Of course, on top of these thirteen rules, all the other known methodological factors of scientific measurements and experimentation must be considered and applied. This includes proper randomization, sampling, double blind designs, replicability of results, and so on.
Flawed as it is, the Turing test could have practical applications today through the measurement of Turing time. Primarily, advancing the Turing time may be a great driver for the development of intelligent assistants. Perhaps the spirit of competitive computing — the GHz battles between processor manufacturers, GFLOPS competitions among supercomputers and storage wars between hard disk makers — could be mirrored as intelligent assistant service providers fight for the longest Turing time. We would all reap the benefits of such a skirmish.

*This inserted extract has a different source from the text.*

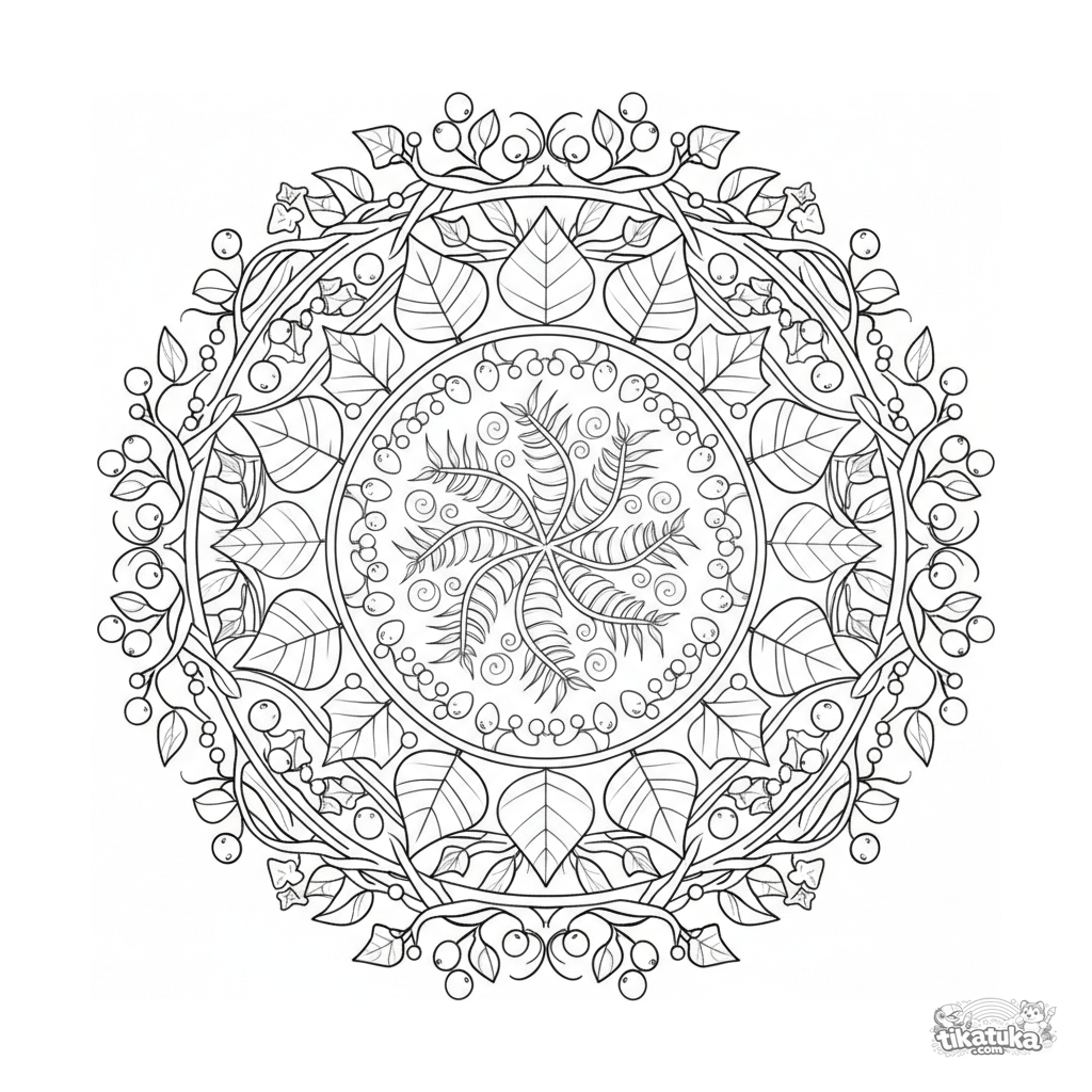 Intrincada página para colorear de mandala botánico para 10-12 años. Compuesta de anillos concéntricos de helechos, hojas de arce, roble y enredaderas con bayas. Alto detalle con venas, tema naturaleza.

We should not forget that imitating a human is only part of what AI can potentially do. In fact, the competitive advantage of the majority of AI applications lies in the ability to perform at an inhuman level. Hampering that AI to make it more human-like would be counterproductive. Nevertheless, there are areas where imitating human responses is extremely important. We don’t want to be frustrated with our electronic assistants — we want to be understood (by our machines).
My hope is that Turing time measurement adds fuel to the fire of the competition for ever-improved AI. Turing time not only gives us a number to beat, but the rules by which to play. Contenders for the competition are anything but lacking.